Reputation: 2683
So, I am trying to implement this algorithm from our textbook.
I wrote this :
// Knapsack_memoryfunc.cpp : Defines the entry point for the console application.
//Solving Knapsack problem using dynamic programmig and Memory function
#include "stdafx.h"
#include "iostream"
#include "iomanip"
using namespace std;
int table[20][20] = { 0 };
int value, n, wt[20], val[20], max_wt;
// ---CONCERNED FUNCTION-----
int MNSack(int i, int j)
{
value = 0;
if (table[i][j] < 0)
if (j < wt[i])
value = MNSack(i - 1, j);
else
value = fmax(MNSack(i - 1, j), val[i] + MNSack(i - 1, j - wt[i]));
table[i][j] = value;
return table[i][j];
}
// --------------------------
void items_picked(int n, int max_wt)
{
cout << "\n Items picked : " << endl;
while (n > 0)
{
if (table[n][max_wt] == table[n - 1][max_wt]) // if value doesnot change in table column-wise, item isn't selected
n--; // n-- goes to next item
else // if it changes, it is selected
{
cout << " Item " << n << endl;
max_wt -= wt[n]; // removing weight from total available (max_wt)
n--; // next item
}
}
}
int main()
{
cout << " Enter the number of items : ";
cin >> n;
cout << " Enter the Maximum weight : ";
cin >> max_wt;
cout << endl;
for (int i = 1; i <= n; i++)
{
cout << " Enter weight and value of item " << i << " : ";
cin >> wt[i] >> val[i];
}
for (int i = 0; i <= n; i++)
for (int j = 0; j <= max_wt; j++)
table[i][j] = 0;
for (int i = 1; i <= n; i++)
for (int j = 1; j <= max_wt; j++)
table[i][j] = -1;
cout << " Optimum value : " << MNSack(n, max_wt);
cout << " \n Table : \n";
for (int i = 0; i <= n; i++)
{
for (int j = 0; j <= max_wt; j++)
if (table[i][j] == -1)
cout << setw(5) << "-";
else
cout << setw(5) << table[i][j];
cout << endl;
}
items_picked(n, max_wt);
return 0;
}
Here is the question and output :
It seems like its correct on some places like optimum value, yet isn't fully acceptable.
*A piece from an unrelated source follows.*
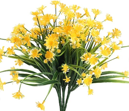 Nahuaa 4 Stuck Kunstliche Blumen Balkon Kunstpflanzen Draussen Plastik Pflanze Blumen Deko Kunstblumen Kunstoff Straucher Grunpflanzen Fur Garten Topf Winter Fensterbank Fruhling Deko Gelb Amazon De Kuche Haushalt
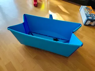 Bañera plegable para bebés de la marca Stokke. Diseñada para facilitar el baño del bebé en casa o de viaje. - Color azul. - Diseño plegable para un fácil almacenamiento y transporte.

I've tried to debug it, but its quite hard with recursive functions. Can someone please help?
Upvotes: 0
Views: 3136
Reputation: 406
The bottom up solution.
#include <iostream>
#include <algorithm>
#include <iomanip>
using namespace std;
int main()
{
int table[20][20] = { 0 };
int value, n, wt[20], val[20], max_wt;
cout << " Enter the number of items : ";
cin >> n;
cout << " Enter the Maximum weight : ";
cin >> max_wt;
cout << endl;
for (int i = 1; i <= n; i++)
{
cout << " Enter weight and value of item " << i << " : ";
cin >> wt[i] >> val[i];
}
// Initialization
for (int i = 0; i <= n; i++)
for (int j = 0; j <= max_wt; j++)
table[i][j] = 0;
// In practice, this can be skipped in a bottom up solution
for (int i = 1; i <= n; i++)
for (int j = 1; j <= max_wt; j++)
table[i][j] = -1;
for (int i = 1; i <= n; i++)
{
for (int j = 1; j <= max_wt; j++)
{
if (j < wt[i])
table[i][j] = table[i - 1][j];
else
table[i][j] = max(table[i - 1][j], val[i] + table[i - 1][j - wt[i]]);
}
}
cout << " Optimum value : " << table[n][max_wt] << endl;
cout << " \n Table : \n";
for (int i = 0; i <= n; i++)
{
for (int j = 0; j <= max_wt; j++)
if (table[i][j] == -1)
cout << setw(5) << "-";
else
cout << setw(5) << table[i][j];
cout << endl;
}
return 0;
}
You can see that this changes the recursion to a loop, and therefore avoids the global variables. It also makes the code simpler, so that you can avoid checking if the table item is valid (equal to -1 in your example).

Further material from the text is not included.